Is denying instruction equitable?
It’s not clear that denying instruction to everyone is actually an equitable policy. The district’s notion of equity seems to focus narrowly on equity within the district. But Philadelphians do not live in a bubble. When Philadelphia’s students leave school, they will have to compete for jobs and college admissions with students from Philadelphia’s suburbs and other cities. Many of those districts are starting to offer online instruction without Philadelphia’s qualms.
As long as Philadelphia denies its students online instruction, they will fall behind students from other districts. What’s equitable about that?

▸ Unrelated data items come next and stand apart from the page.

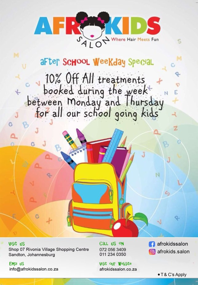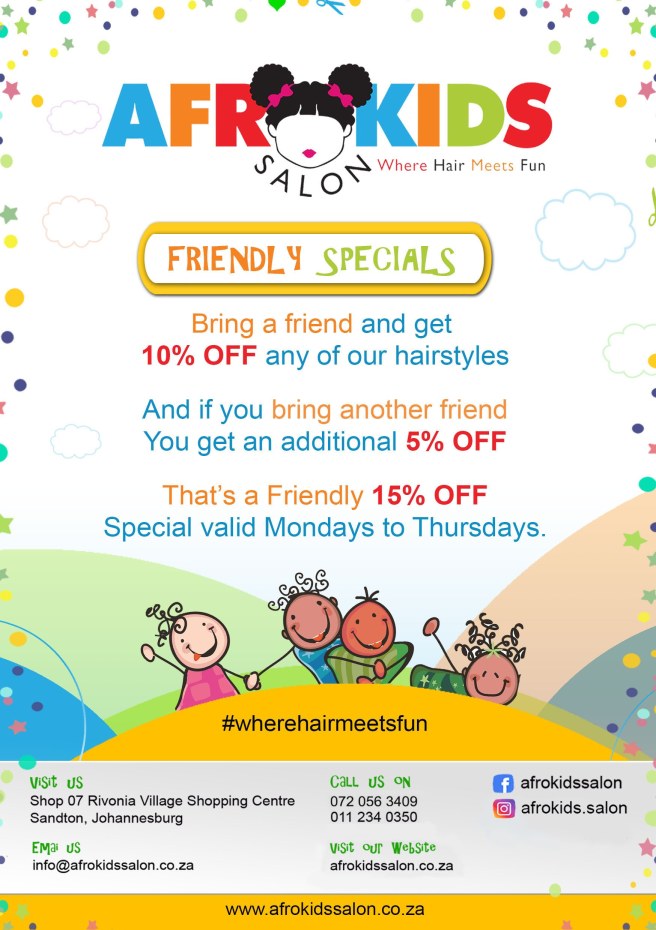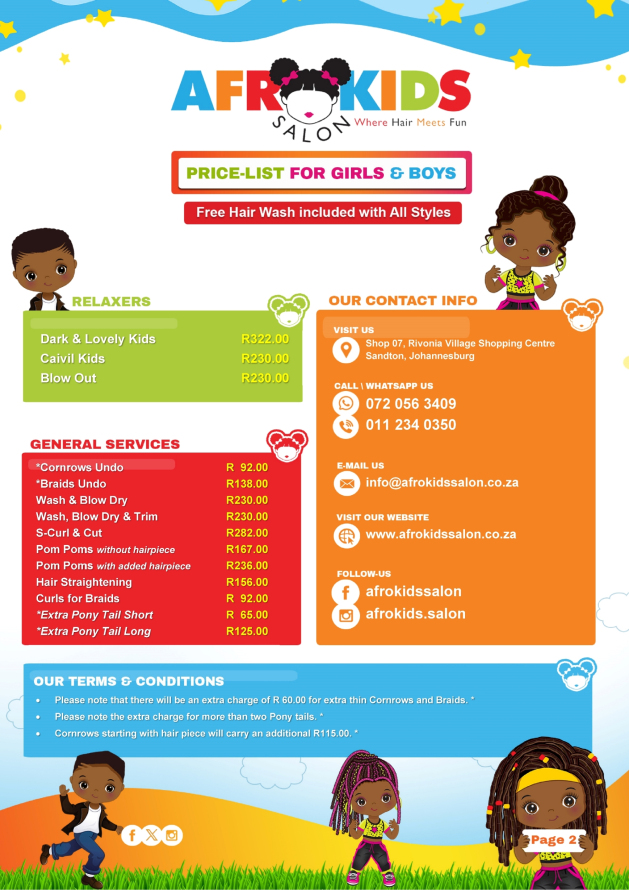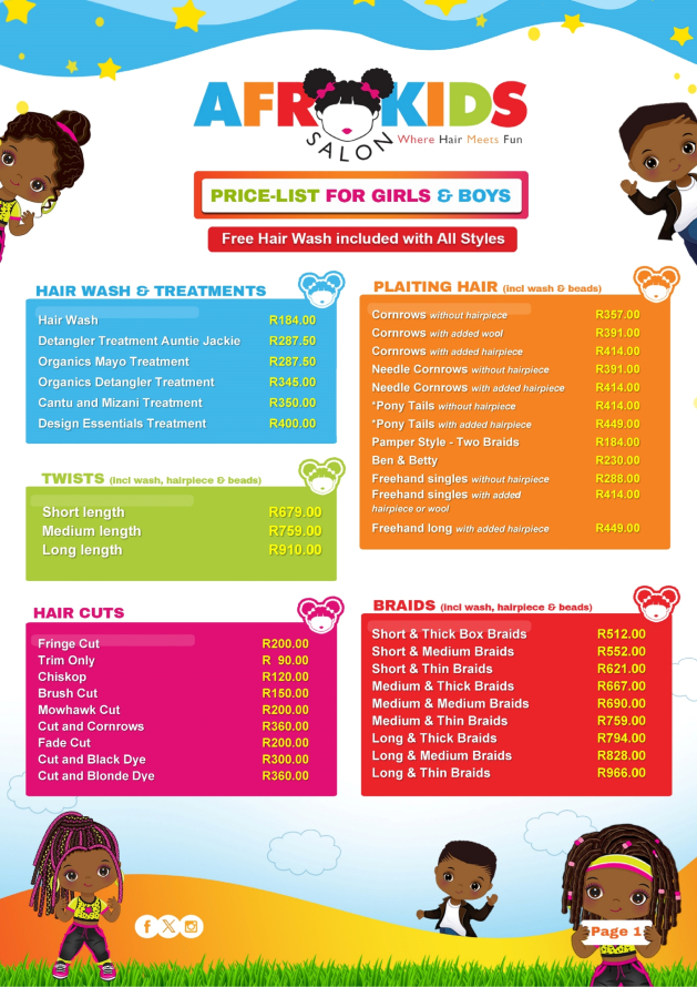We have specials available for our kiddies and our pricelist filled with our hairstyle prices,
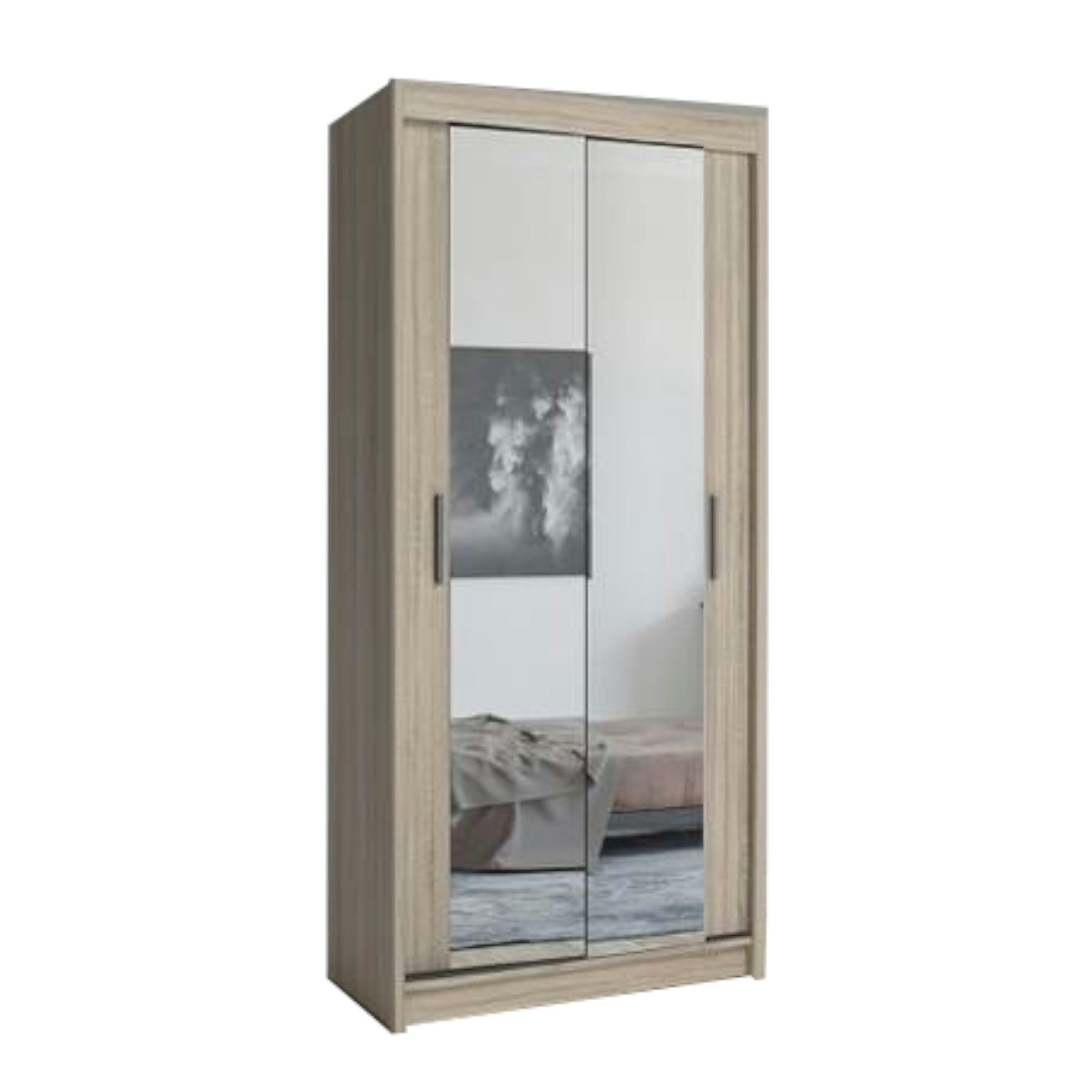 Der MINI CLASSIC Schrank bietet eine Kombination aus praktischem Stauraum und stilvollem Design, ideal für Räume, in denen jeder Zentimeter zählt. Mit seiner schlichten, aber eleganten Optik passt er perfekt in moderne sowie klassische Einrichtungen. Die Schiebetüren mit integriertem Spiegel sind nicht nur funktional, sondern auch ein echtes Highlight, da sie den Raum optisch vergrößern und gleichzeitig als Spiegel dienen. Die eleganten, silbernen Griffe verleihen dem Schrank einen Hauch von Modernität und machen ihn zu einem Hingucker in jedem Raum.
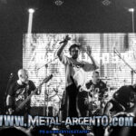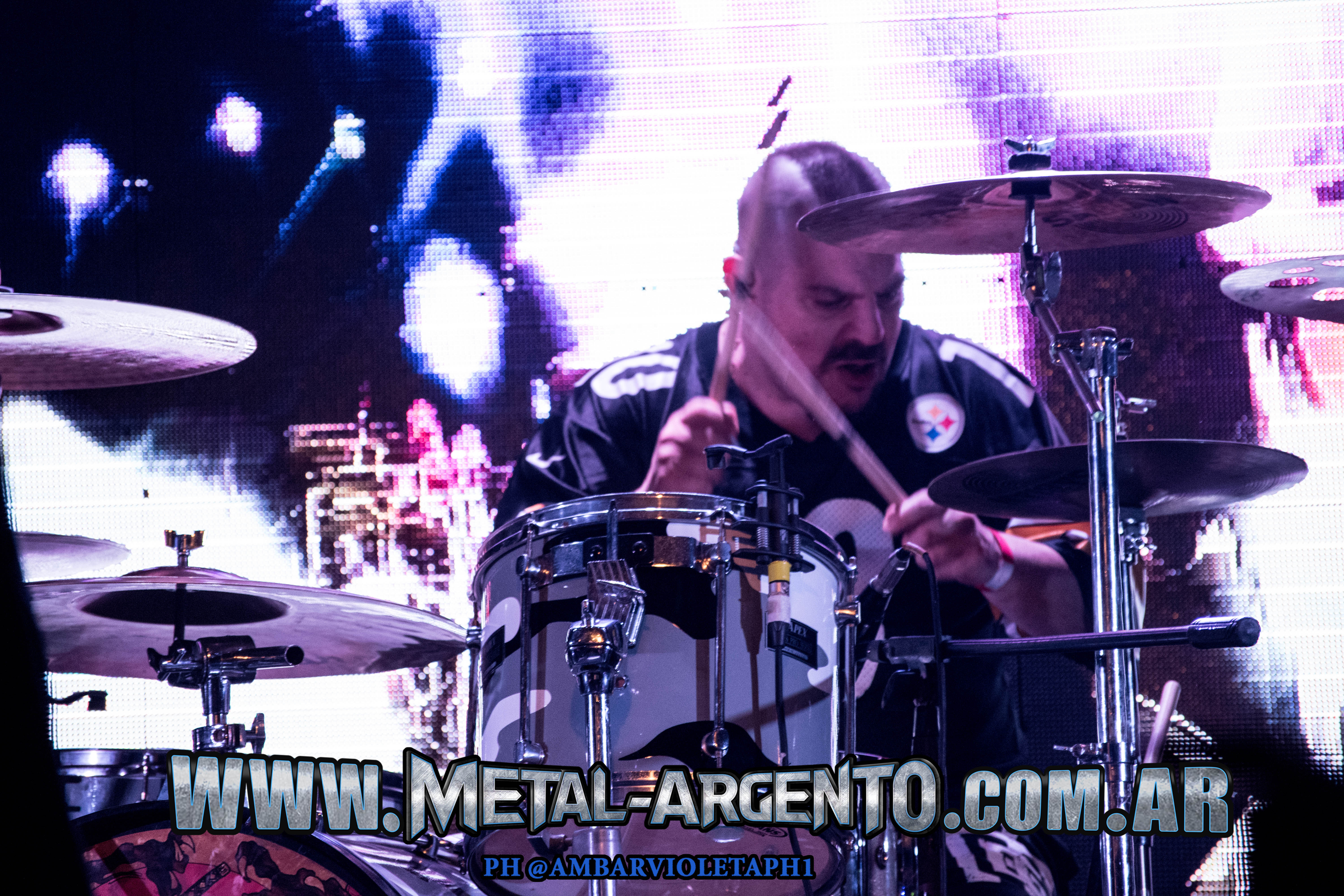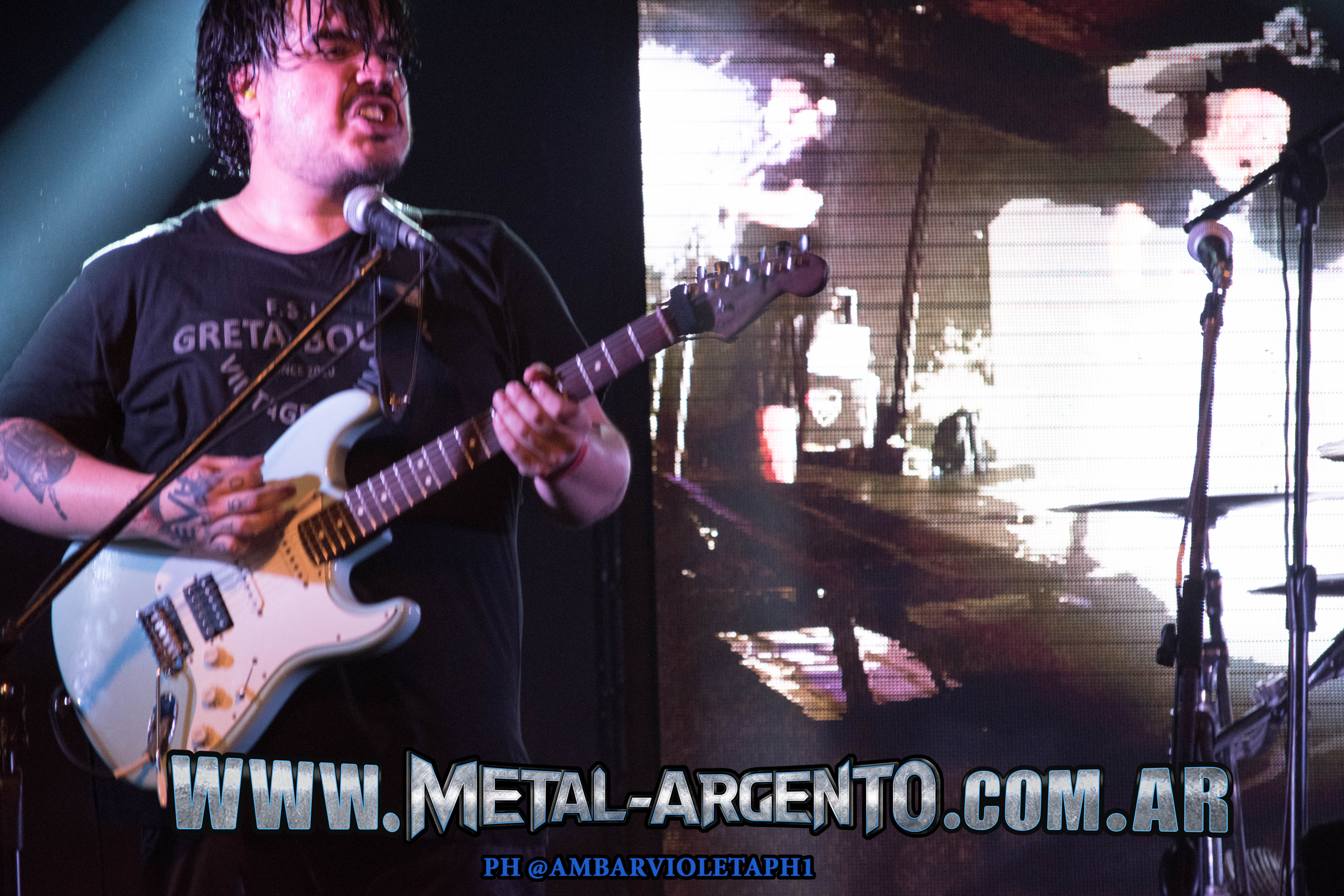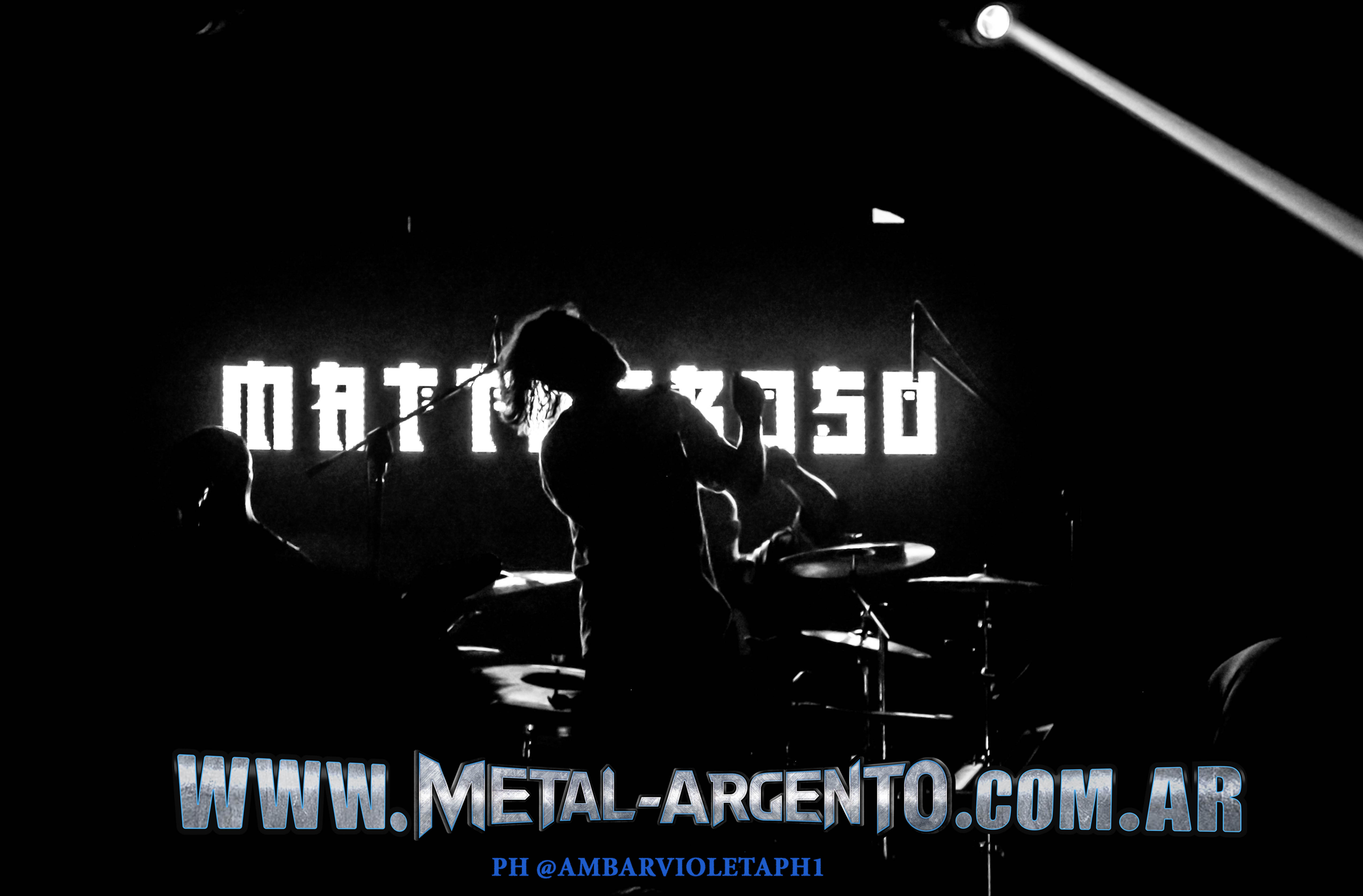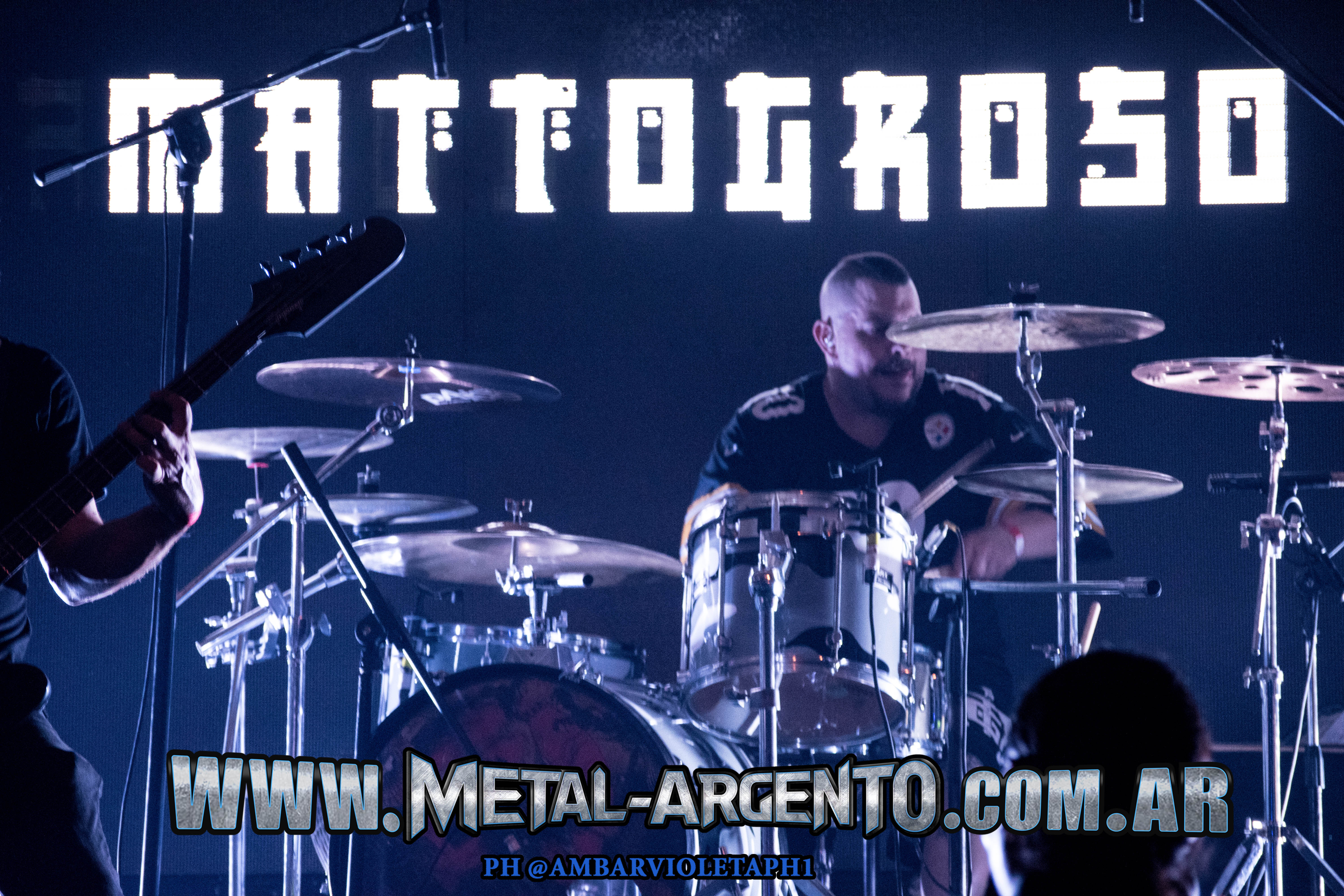 Para el momento de los cumpleañeros, el Roxy estaba notablemente más concurrido, mesas llenas y gente al fondo de pie. Al correrse el telón, se lo podía ver a Gonzalo Arce sobre su tarima, en pose símil oriental y los primeros acordes de «A la Batalla», tema perfecto para abrir a puro riff violento. Se notaba la energía de la banda tan solo con la primera canción. Casi sin pausa alguna, «La Sangre de los Fuertes» vino a sacudir al público que empezaba a subir la temperatura. Si bien Mattogroso es una banda conformada por gente muy carismática y enérgica, se los notaba extremadamente felices, y no es para menos claro. Luego de «El Tiempo es Hoy» y de manera muy amable y hasta riéndose, Gonzalo pidió que se corrieran las mesas. El público pareció haber estado esperando dicha orden, porque las mesas fueron corridas de inmediato. Arrancaría un nuevo show. Luego de unos pasos de cumbia acompañados por la percusión, «Mensaje de Destrucción» dio inicio a los pogos con Arce siendo partícipe activo de mas de uno. ‘El metal se baila‘ diría luego del tema, y aprovechó la ocasión para agradecer a todos los presentes, a quienes acompañaron a la banda en estos 10 años y mencionando lo contentos y emocionados que estaban con este festejo.
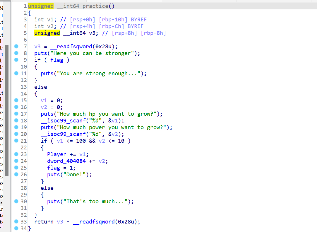 首先利用practice的负数溢出,去给生命值和攻击力叠满

Philadelphia didn’t need to stop its schools from offering online instruction in March. It could have allowed 80 to 90 percent of students to access instruction online, and sorted out the equity issues for the remaining 10 to 20 percent as it went. It could still do that. There is no compelling justification for withholding online teaching until May. And the district should make up for lost time by extending the school year through the state limit of June 30.
Paul von Hippel is an Associate Professor at the LBJ School of Public Affairs, University of Texas, Austin, where he teaches education policy and research methods. He thanks his employer for finding emergency childcare that let him write this article and teach his classes.